Очень важно как следует изучить новый район. В приюте-то он каждую дырку знал!

Чамди возвращается к храму. Вдруг там найдется добрый человек, который даст ему поесть?

Но дверь храма заперта на железный замок. Чамди заглядывает внутрь сквозь решетку на окне. Теперь старуха с гирляндами следит за ним. Даже роняет бархотку на землю. Чамди хотел было подобрать цветок, но тот упал в сточную канаву.

Чамди заглядывает в окошко, хочет рассмотреть, какой там внутри бог, но ничего не видно. И что это за бог такой, если он даже храм осветить не может? Спасибо хоть не холодно, значит, по крайней мере, у бога теплое сердце.

По ступенькам дома торопливо сбегает человек с черной папкой в руках. Волосы у него смазаны маслом и аккуратно расчесаны на пробор. Он поднимает руку, смотрит на запястье и прибавляет ходу. Вот только часов у него на запястье нет.

Опять этот голод. Надо скорее найти еду, а то голова закружится и тошнить будет. Чамди не привык голодать, да и здоровье у него слабое. В приюте все время давали одно и то же и вообще кормили мало, но хоть кормили, а от пищи были силы. Пусть – говорит голод – ребра у Чамди видны даже под майкой, но пока они все-таки внутри тела. А вот если он сегодня не поест, ребра станут еще заметней, а ночью прорвут кожу. Жители района их увидят и испугаются. Будут говорить: «У этого мальчика ребра превратились в бивни и вылезли наружу».

Чамди вздыхает и возвращается к лавочке, где торгуют папиросами и едой. У лавочника узкое лицо, подбородок и щеки заросли седой щетиной. Он почти такой же тощий, как Чамди. С чего бы? Ведь лавка битком набита сладостями, хлебом и папиросами. Ах вот оно что! Наверное, вместо того чтобы есть, он все время курит!
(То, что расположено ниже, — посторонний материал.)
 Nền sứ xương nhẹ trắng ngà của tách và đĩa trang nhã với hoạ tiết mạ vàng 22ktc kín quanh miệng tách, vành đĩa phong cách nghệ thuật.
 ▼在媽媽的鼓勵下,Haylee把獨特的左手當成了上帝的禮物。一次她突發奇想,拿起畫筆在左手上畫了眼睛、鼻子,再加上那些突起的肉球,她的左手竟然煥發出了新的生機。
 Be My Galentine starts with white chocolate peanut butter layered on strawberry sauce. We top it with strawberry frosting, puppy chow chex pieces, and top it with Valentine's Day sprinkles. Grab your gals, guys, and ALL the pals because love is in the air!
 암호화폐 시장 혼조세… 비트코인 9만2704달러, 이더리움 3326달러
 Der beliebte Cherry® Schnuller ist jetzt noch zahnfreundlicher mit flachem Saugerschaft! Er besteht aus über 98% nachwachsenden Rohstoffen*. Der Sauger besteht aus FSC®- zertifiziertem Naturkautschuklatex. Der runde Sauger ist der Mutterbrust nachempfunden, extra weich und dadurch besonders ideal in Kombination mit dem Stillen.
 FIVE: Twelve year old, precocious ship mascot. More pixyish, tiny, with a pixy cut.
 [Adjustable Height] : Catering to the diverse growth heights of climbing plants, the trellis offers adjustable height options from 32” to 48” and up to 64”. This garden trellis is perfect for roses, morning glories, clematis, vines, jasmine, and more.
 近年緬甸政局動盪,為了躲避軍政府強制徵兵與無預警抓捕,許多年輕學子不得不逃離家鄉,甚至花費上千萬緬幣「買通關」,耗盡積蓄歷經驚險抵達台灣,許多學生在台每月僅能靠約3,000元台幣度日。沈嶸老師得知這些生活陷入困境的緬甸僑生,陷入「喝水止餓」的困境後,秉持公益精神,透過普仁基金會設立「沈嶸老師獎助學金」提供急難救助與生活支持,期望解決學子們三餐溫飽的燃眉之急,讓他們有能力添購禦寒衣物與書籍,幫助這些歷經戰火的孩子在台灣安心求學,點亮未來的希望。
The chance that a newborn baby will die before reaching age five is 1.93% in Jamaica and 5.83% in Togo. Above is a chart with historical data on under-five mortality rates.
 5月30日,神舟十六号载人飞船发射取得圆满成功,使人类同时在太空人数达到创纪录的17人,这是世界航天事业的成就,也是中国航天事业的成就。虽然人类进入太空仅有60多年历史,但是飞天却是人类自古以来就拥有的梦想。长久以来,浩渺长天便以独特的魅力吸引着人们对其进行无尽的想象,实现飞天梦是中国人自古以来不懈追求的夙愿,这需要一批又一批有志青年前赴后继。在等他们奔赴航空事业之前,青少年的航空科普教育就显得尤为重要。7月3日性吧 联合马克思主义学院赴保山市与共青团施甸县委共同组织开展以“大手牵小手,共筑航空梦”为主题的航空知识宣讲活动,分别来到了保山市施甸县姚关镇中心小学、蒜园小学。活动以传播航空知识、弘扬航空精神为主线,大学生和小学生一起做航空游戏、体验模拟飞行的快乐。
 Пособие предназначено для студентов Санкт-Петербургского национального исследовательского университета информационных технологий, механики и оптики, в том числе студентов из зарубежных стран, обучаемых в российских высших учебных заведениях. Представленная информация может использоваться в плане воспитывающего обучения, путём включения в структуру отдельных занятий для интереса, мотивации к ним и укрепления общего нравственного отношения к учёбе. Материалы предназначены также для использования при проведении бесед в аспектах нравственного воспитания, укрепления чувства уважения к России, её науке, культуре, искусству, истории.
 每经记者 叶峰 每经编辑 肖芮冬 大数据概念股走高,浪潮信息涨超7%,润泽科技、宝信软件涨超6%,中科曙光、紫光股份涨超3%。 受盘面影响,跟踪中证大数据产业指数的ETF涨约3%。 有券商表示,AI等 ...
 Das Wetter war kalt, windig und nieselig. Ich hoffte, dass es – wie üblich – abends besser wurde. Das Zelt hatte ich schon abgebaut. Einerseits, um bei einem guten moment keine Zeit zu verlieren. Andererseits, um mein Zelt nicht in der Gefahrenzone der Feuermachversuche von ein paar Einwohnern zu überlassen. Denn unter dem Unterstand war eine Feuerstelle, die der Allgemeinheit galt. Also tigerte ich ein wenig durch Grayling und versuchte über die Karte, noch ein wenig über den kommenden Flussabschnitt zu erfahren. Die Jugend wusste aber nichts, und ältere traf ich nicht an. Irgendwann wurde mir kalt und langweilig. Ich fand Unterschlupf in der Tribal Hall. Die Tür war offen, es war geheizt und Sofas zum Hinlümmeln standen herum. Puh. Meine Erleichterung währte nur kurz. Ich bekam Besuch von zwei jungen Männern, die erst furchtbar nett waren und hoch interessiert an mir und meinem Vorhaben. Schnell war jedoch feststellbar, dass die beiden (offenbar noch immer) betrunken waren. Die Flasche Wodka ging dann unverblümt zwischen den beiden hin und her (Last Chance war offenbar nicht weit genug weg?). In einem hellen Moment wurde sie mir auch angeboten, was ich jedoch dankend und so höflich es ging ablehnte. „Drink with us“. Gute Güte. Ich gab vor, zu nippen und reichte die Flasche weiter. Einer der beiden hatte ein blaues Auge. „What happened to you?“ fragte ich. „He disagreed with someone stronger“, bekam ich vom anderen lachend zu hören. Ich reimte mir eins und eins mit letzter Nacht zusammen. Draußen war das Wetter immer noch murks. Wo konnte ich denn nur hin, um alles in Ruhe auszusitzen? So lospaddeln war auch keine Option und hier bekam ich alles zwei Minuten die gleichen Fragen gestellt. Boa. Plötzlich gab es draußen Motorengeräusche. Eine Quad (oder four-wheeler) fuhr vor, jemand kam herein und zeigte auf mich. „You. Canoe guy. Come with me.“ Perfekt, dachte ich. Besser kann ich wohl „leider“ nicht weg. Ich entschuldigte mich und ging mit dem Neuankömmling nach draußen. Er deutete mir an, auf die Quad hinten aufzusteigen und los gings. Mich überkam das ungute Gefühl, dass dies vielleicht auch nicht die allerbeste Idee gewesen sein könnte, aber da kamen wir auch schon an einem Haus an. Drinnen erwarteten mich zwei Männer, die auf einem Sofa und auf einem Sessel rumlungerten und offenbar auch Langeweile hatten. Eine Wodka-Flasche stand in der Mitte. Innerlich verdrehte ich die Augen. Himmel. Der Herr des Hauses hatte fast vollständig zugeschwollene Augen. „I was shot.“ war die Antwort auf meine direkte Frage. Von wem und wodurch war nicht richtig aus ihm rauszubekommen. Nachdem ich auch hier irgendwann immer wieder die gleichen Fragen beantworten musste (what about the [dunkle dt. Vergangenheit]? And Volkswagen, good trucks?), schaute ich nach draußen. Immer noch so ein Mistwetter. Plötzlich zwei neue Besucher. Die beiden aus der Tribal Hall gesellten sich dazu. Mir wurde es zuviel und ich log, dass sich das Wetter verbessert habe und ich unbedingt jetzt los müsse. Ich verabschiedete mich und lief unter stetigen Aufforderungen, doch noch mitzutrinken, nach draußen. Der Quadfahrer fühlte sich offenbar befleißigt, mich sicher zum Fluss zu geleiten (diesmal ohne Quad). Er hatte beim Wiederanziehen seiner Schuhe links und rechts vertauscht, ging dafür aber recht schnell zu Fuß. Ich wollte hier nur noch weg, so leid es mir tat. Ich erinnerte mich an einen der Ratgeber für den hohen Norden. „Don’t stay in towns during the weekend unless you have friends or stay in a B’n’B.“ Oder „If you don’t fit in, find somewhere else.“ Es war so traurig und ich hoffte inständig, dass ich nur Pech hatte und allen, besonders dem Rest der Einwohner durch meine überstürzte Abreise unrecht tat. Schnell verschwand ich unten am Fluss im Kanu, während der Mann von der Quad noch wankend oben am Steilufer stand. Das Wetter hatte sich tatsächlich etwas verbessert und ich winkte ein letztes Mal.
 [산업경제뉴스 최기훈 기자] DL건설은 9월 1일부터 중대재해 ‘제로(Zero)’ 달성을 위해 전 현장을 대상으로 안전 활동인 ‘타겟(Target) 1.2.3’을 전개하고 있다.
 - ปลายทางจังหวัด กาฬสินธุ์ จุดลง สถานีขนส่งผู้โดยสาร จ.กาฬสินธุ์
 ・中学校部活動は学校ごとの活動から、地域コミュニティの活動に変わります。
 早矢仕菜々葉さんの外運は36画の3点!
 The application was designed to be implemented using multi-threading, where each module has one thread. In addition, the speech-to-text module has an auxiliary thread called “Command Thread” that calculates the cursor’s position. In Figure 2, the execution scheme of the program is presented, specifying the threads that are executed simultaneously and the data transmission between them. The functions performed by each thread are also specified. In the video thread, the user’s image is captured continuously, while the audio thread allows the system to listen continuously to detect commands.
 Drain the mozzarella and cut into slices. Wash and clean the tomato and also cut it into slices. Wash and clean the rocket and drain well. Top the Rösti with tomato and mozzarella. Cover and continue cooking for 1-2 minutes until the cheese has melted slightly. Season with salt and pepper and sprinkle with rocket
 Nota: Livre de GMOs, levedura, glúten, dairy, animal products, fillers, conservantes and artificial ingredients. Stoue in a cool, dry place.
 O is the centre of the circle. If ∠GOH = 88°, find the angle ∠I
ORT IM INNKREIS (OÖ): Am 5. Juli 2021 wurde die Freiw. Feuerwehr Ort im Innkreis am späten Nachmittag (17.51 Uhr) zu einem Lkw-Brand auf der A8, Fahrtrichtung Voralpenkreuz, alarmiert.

– Чего тебе? – спрашивает лавочник.

– Я… можно мне немножко еды? Пожалуйста.

– А деньги у тебя есть?

– Нет, денег нет, но мне бы хоть маленький кусочек хлеба…

– Денег нет?

– Нет.

– И кусочка хлеба тебе хватит?

– Я со вчерашнего дня не ел.

– Ладно. Бери что хочешь.

Чамди не верит своим ушам.

– Бери что хочешь, – повторяет лавочник. – Печенье будешь?

И, не дожидаясь ответа, начинает открывать банку с печеньем. Крышка сидит плотно и не поддается. Хоть бы банка побыстрее открылась, а то вдруг лавочник передумает. Открыл…

– Ну бери, – говорит лавочник.

– А сколько можно взять? – спрашивает Чамди.

– Сколько хочешь.

– Я три штучки возьму, можно?

– Бери, бери.

Чамди запускает пальцы в банку. Лавочник с силой захлопывает крышку.

Чамди вопит от боли.

– Воришка! – кричит лавочник. – Сначала воруешь с прилавка, потом еще клянчить приходишь!

Чамди от изумления даже перестает чувствовать боль.

– Вчера один из ваших масло у меня стащил! Еще подойдешь к лавке, я с тебя шкуру спущу!

Лицо лавочника перекошено от злости, и Чамди даже не пытается оправдываться. Он бросается наутек, мимо храма, даже на бога в окошке не глядит, и останавливается только у крана. Рука сильно болит. Первый день в городе, а он уже наслушался обидных слов, и никто ему не помогает. Может, сердце лавочника почернело от папирос, поэтому он так и поступил? Вдруг на Чамди наваливается страшная усталость. Он садится на корточки под краном и подставляет голову под струю воды, прохладную как дождь.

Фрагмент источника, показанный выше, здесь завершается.